Вокруг нас ходили люди, открывались лавочки, и утро набирало силу, а мы все плакали и плакали, горько сетуя на злодейку-судьбу.
Потом мы поднялись и отряхнулись от грязи (моя одежда была испачкана вином, прожжена, я лишился плаща и, честно говоря, отряхиваться от грязи я мог и не стараться).
— А, может, пойдем ко мне? — спросил я. — Мой отец нас точно не выгонит, раз у меня его нет. Я — глава семьи.
— Хорошо быть главой семьи, — сказал Курион, утирая слезы.

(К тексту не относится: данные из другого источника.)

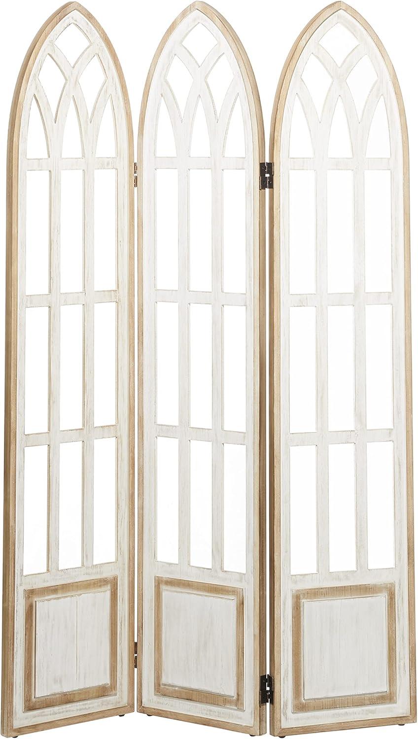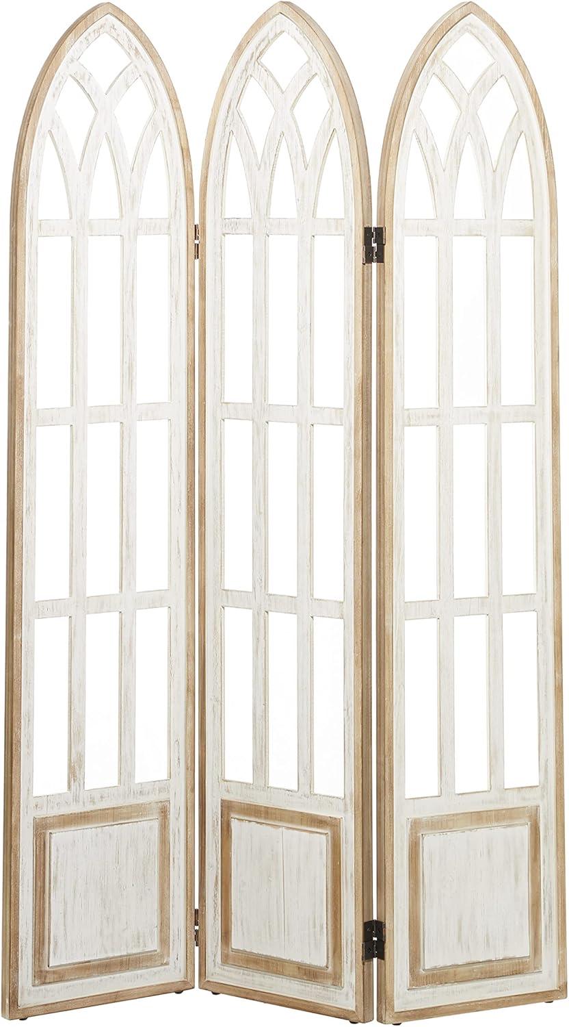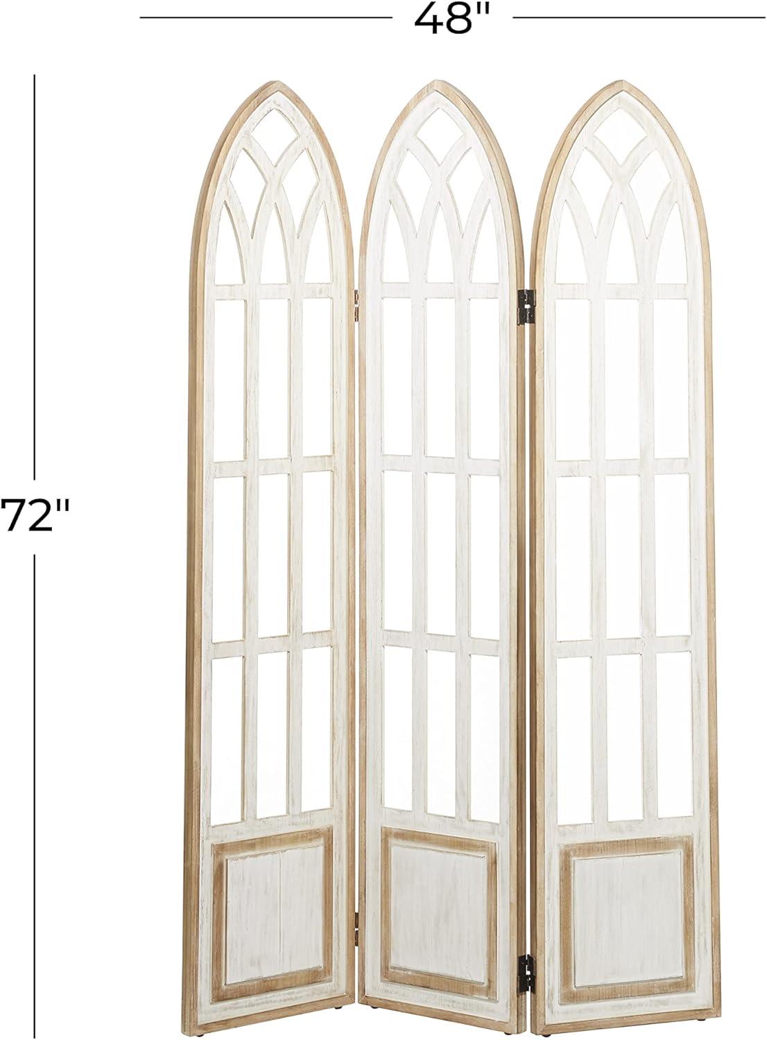 Deco 79 Wooden Geometric Handmade Partition Room Divider Screen Arched Foldable 3 Panel Privacy Screen with Woven Circular Cutouts, Room Partition 55" x 2" x 71", Black(White)

У нас Куриона действительно приняли радушнее, чем меня у него. Гай только сказал:
— Вот и все, Луций, Марк нашел себе друга получше.
И ты его, помню, стукнул.
А потом понеслась череда таких разных и таких одинаковых пьяных ночей и похмельных рассветов. Вместо того, чтобы вытянуть семью из долгой ямы, я еще больше загонял нас туда. В основном, конечно, я развлекался за счет Куриона, но когда у нас кончались деньги, я не глядя, как и он, подмахивал долговые расписки. Только мне нечем было по ним платить.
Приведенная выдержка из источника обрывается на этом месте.